About Me

Michael Mehling is Deputy Director of the Center for Energy and Environmental Policy Research (CEEPR) at the Massachusetts Institute of Technology (MIT) and a Professor at the University of Strathclyde Law School. He brings over two decades of experience working on energy and environmental policy with government agencies, private companies and civil society organizations in North America, Europe, and the developing world. His work focuses on instruments of energy and environmental policy. In recent years, his research interests have included carbon pricing, the international climate negotiations, comparative energy and climate policy, and the drivers and conditions of energy transitions.

Previously, Michael served as Executive Director of MIT CEEPR with responsibility for day-to-day operations and fundraising, and as founding President of Ecologic Institute in Washington DC, an environmental policy think tank with partner offices in Berlin and Brussels. He has advised and coordinated research projects for government agencies in Brazil, Chile, China, Finland, France, Germany, Gibraltar, Indonesia, Mexico, Mongolia, Morocco, South Korea, Thailand, Turkey, the United States, the United Kingdom, and Vietnam, as well as intergovernmental entities including the Asian Development Bank, European Parliament, the European Commission, the International Carbon Action Partnership (ICAP), the Organisation for Economic Co-Operation and Development (OECD), and the World Bank Group.
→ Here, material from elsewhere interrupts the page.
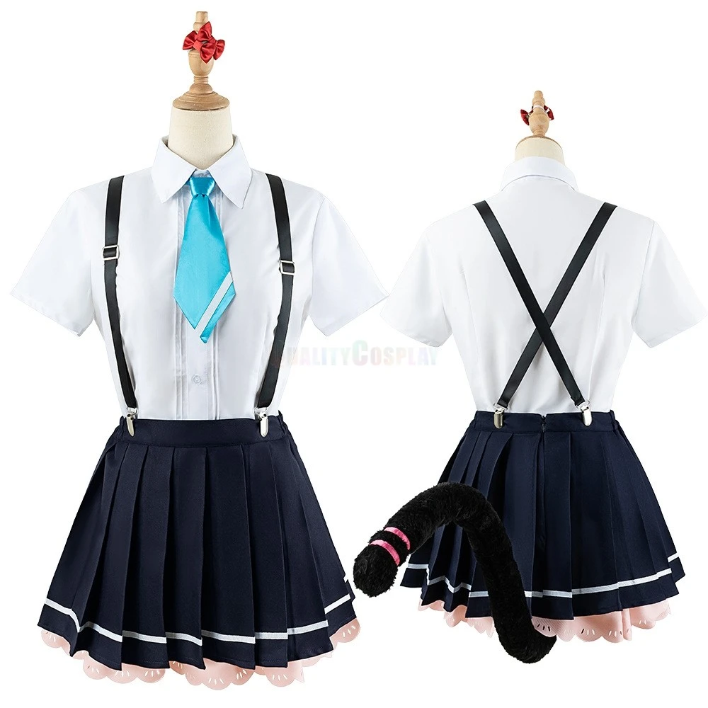 Full Set Include: Coat, Blouse, Skirt, Tie, Bow, Supenders, Headband, Tail, Socks, Hair Pin

Currently, Michael serves on the Boards of Climate Strategies in London; Ecologic Institute in Washington DC and Berlin; and the European Roundtable on Climate Change and Sustainable Transition (ERCST) in Brussels; the advisory boards of the of the Blockchain & Climate Institute (BCI) in London; the International Policy Coalition for Sustainable Growth in Washington, D.C.; and the Institute for Climate Protection, Energy and Mobility (IKEM) in Berlin; as well as the management of the Konrad-von-Moltke Fund. He is also an Associated Researcher with the Energy Policy Research Group (EPRG) at the University of Cambridge, a Policy Advisor of the Center for Climate and Trade at the Climate Leadership Council (CLC) in Washington, D.C., and a Commissioner with the Commission on Carbon Competitiveness in Canada. In the past, he has co-chaired the Scientific Committee of the Carbon Pricing Leadership Coalition (CPLC) research conference on carbon pricing, served on the Board of Directors of the International Union for Conservation of Nature and Natural Resources US (IUCN-US), and contributed to the Fifth Assessment Report (AR5) of the Intergovernmental Panel on Climate Change (IPCC) and the Lazarowicz Report commissioned by the UK Prime Minister.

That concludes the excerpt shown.